可视化数据来看应该没什么问题,通过看官方的github的md文档，发现我的学习率比官方小了一个数量级，因此开始实验2

实验2

    cfg = FinetuneConfig(
        vla_path="openvla/openvla-7b",
        data_root_dir=Path("/home/vcar/LIBERO/modified_libero_rlds"),
        dataset_name="libero_spatial_no_noops",
        run_root_dir=Path("./runs"),
        adapter_tmp_dir=Path("./adapter-tmp"),
        batch_size=2,
        max_steps=30000,
        save_steps=3000,
        learning_rate=5e-4,
        grad_accumulation_steps=16,
        image_aug=True,
        shuffle_buffer_size=100_00,
        save_latest_checkpoint_only=True,
        use_lora=True,
        lora_rank=32,
        lora_dropout=0.0,
        use_quantization=False,
        wandb_project="openvla-libero",
        wandb_entity="YOUR_ENTITY",
        use_wandb=False,
        run_id_note=None,
    )

这样配置的原因，观察上面实验一发现在6000步左右，loss就不在下降，怀疑是学习率太小，同时增大grad_accumulation_steps，近似增大batch size到32，增加梯度下降的稳定性，增加了grad_accumulation_steps后发现，模型训练时间大幅提高，在3090上跑了快三天o(╥﹏╥)o，不过结果是好的

结果
结论
发现训练指标在20k左右就基本不在变化了，因此感觉后期训练可以在相同配置下，将step步数减小，以加快训练速度
后续统计
通过统计发现总体成功率在81%左右，但是任务pick_up_the_black_bowl_on_the_ramekin_and_place_it任务成功率只有20%不知道为什么

这里插入一失败个视频

2026_06_08-09_07_32

通过视频无法清楚看到夹爪到底是横向不到位还是纵向不到位，因此在官方的代码中新增了计算夹爪和目标之间距离的打印

"""
run_libero_eval.py

Runs a model in a LIBERO simulation environment.

Usage:
    # OpenVLA:
    # IMPORTANT: Set `center_crop=True` if model is fine-tuned with augmentations
    python experiments/robot/libero/run_libero_eval.py \
        --model_family openvla \
        --pretrained_checkpoint <CHECKPOINT_PATH> \
        --task_suite_name [ libero_spatial | libero_object | libero_goal | libero_10 | libero_90 ] \
        --center_crop [ True | False ] \
        --run_id_note <OPTIONAL TAG TO INSERT INTO RUN ID FOR LOGGING> \
        --use_wandb [ True | False ] \
        --wandb_project <PROJECT> \
        --wandb_entity <ENTITY>
"""

import os
import sys
from dataclasses import dataclass
from pathlib import Path
from typing import Optional, Union

import draccus
import numpy as np
import tqdm
from libero.libero import benchmark

import wandb

# Append current directory so that interpreter can find experiments.robot
sys.path.append("../..")
from experiments.robot.libero.libero_utils import (
    get_libero_dummy_action,
    get_libero_env,
    get_libero_image,
    quat2axisangle,
    save_rollout_video,
)
from experiments.robot.openvla_utils import get_processor
from experiments.robot.robot_utils import (
    DATE_TIME,
    get_action,
    get_image_resize_size,
    get_model,
    invert_gripper_action,
    normalize_gripper_action,
    set_seed_everywhere,
)


@dataclass
class GenerateConfig:
    # fmt: off

    #################################################################################################################
    # Model-specific parameters
    #################################################################################################################
    model_family: str = "openvla"                    # Model family
    pretrained_checkpoint: Union[str, Path] = ""     # Pretrained checkpoint path
    load_in_8bit: bool = False                       # (For OpenVLA only) Load with 8-bit quantization
    load_in_4bit: bool = False                       # (For OpenVLA only) Load with 4-bit quantization

    center_crop: bool = True                         # Center crop? (if trained w/ random crop image aug)

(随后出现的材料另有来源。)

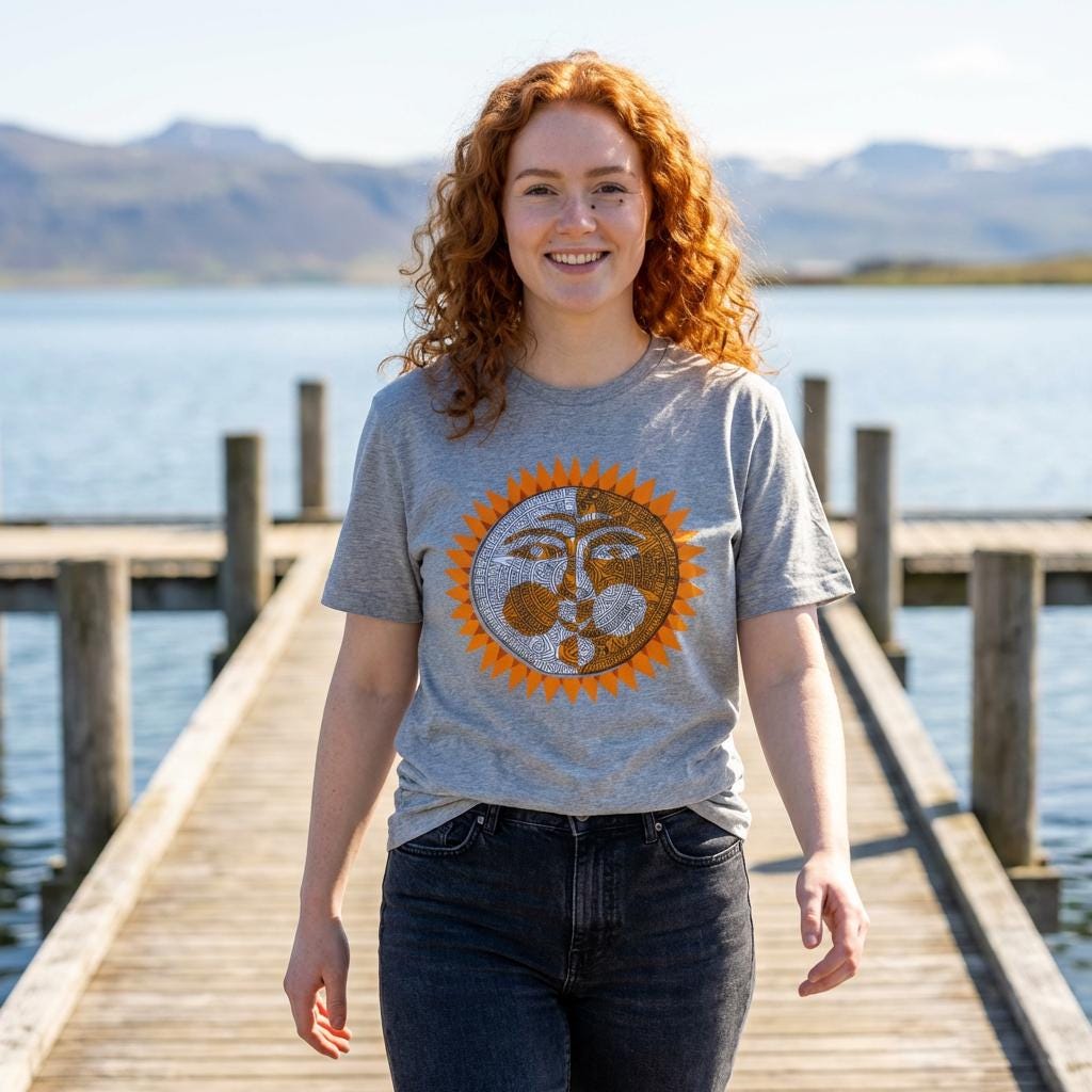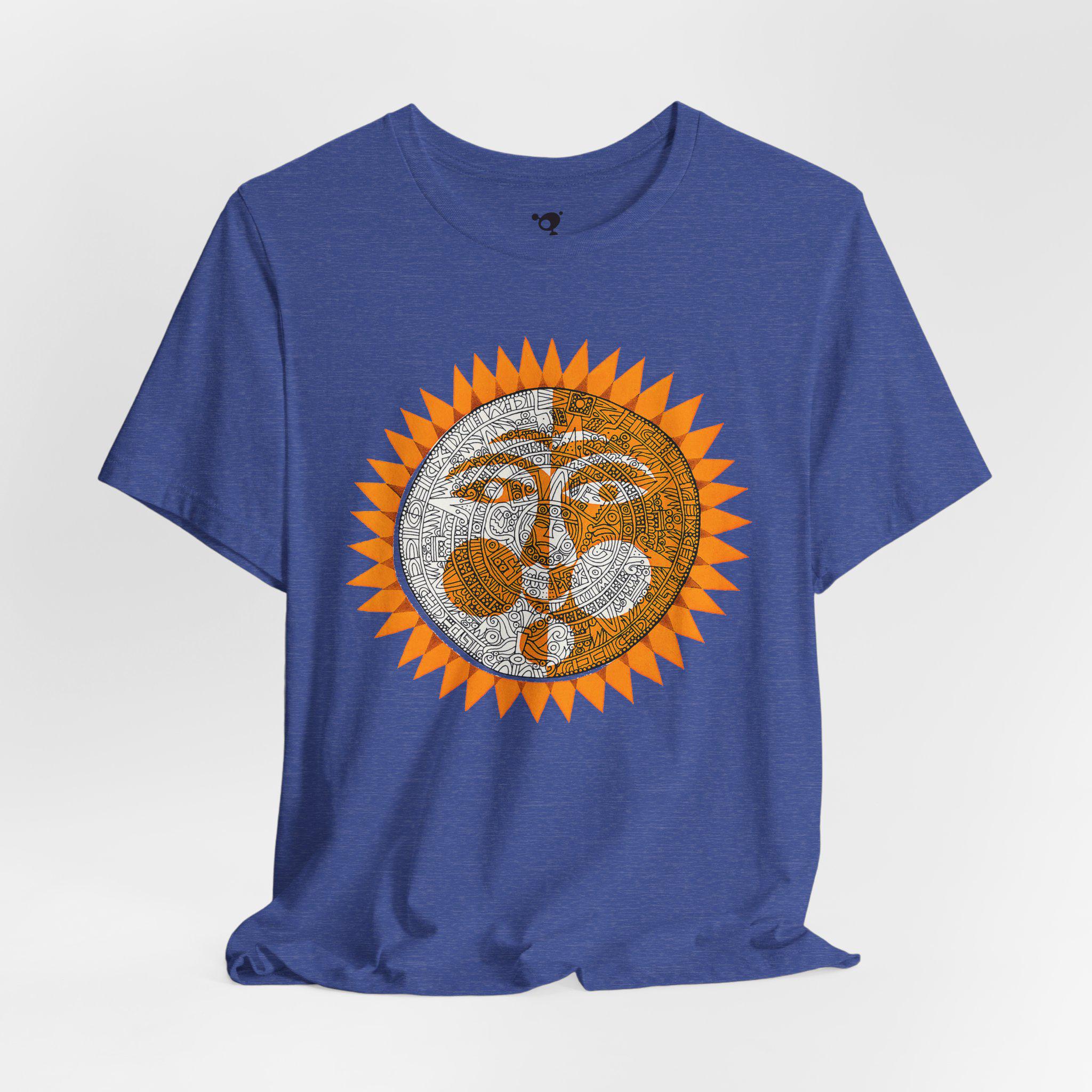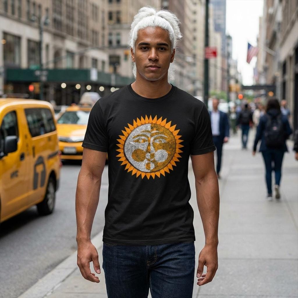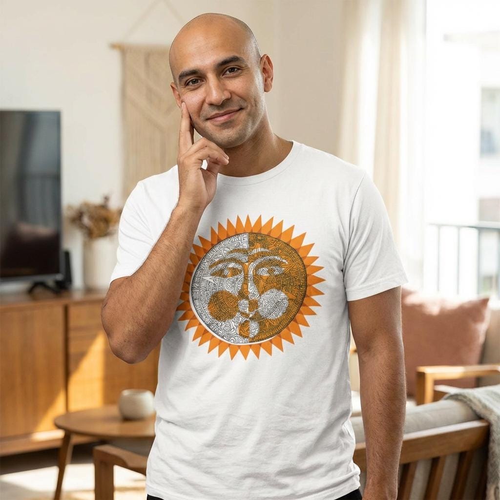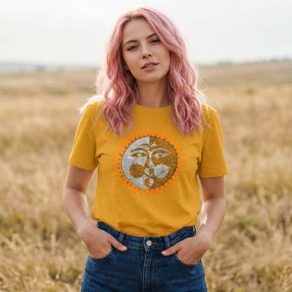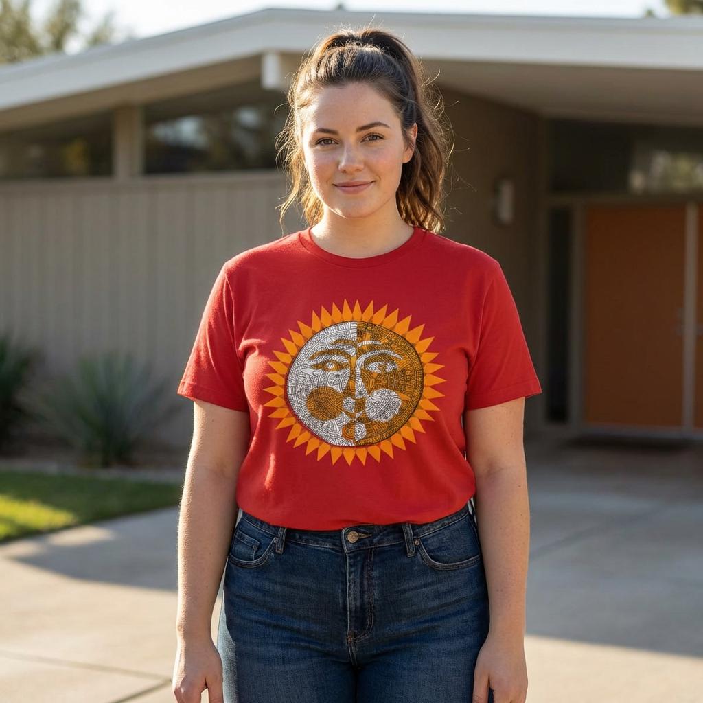 South American Mayan Sun Symbol with a 50's take. This lightweight Bella+Canvas tee brings a sunlit slice of mid-century charm to your everyday wardrobe. The retro sun illustration — rendered in warm, vintage tones and clean geometric lines — sits comfortably on a classic crew tee, evoking slow summer mornings, vinyl records, and the quiet optimism of 1950s design. The breathable Airlume combed and ring-spun cotton feels soft against the skin, while side seams and shoulder tape keep the silhouette tidy through repeated wear. Wear it layered under a denim jacket for market mornings or alone on brighter days to let the sunshine graphic do the talking. Thoughtfully made with tear-away labels and REACH-certified materials, it’s for people who care about comfort, craft, and a lived-in, nostalgic aesthetic.

    #################################################################################################################
    # LIBERO environment-specific parameters
    #################################################################################################################
    task_suite_name: str = "libero_spatial"          # Task suite. Options: libero_spatial, libero_object, libero_goal, libero_10, libero_90
    num_steps_wait: int = 10                         # Number of steps to wait for objects to stabilize in sim
    num_trials_per_task: int = 50                    # Number of rollouts per task

    #################################################################################################################
    # Utils
    #################################################################################################################
    run_id_note: Optional[str] = None                # Extra note to add in run ID for logging
    local_log_dir: str = "./experiments/logs"        # Local directory for eval logs

    use_wandb: bool = False                          # Whether to also log results in Weights & Biases
    wandb_project: str = "YOUR_WANDB_PROJECT"        # Name of W&B project to log to (use default!)
    wandb_entity: str = "YOUR_WANDB_ENTITY"          # Name of entity to log under

    seed: int = 7                                    # Random Seed (for reproducibility)

    # fmt: on


@draccus.wrap()
def eval_libero(cfg: GenerateConfig) -> None:
    assert cfg.pretrained_checkpoint is not None, "cfg.pretrained_checkpoint must not be None!"
    if "image_aug" in cfg.pretrained_checkpoint:
        assert cfg.center_crop, "Expecting `center_crop==True` because model was trained with image augmentations!"
    assert not (cfg.load_in_8bit and cfg.load_in_4bit), "Cannot use both 8-bit and 4-bit quantization!"

    # Set random seed
    set_seed_everywhere(cfg.seed)

    # [OpenVLA] Set action un-normalization key
    cfg.unnorm_key = cfg.task_suite_name

    # Load model
    model = get_model(cfg)

    # [OpenVLA] Check that the model contains the action un-normalization key
    if cfg.model_family == "openvla":
        # In some cases, the key must be manually modified (e.g. after training on a modified version of the dataset
        # with the suffix "_no_noops" in the dataset name)
        if cfg.unnorm_key not in model.norm_stats and f"{cfg.unnorm_key}_no_noops" in model.norm_stats:
            cfg.unnorm_key = f"{cfg.unnorm_key}_no_noops"
        assert cfg.unnorm_key in model.norm_stats, f"Action un-norm key {cfg.unnorm_key} not found in VLA `norm_stats`!"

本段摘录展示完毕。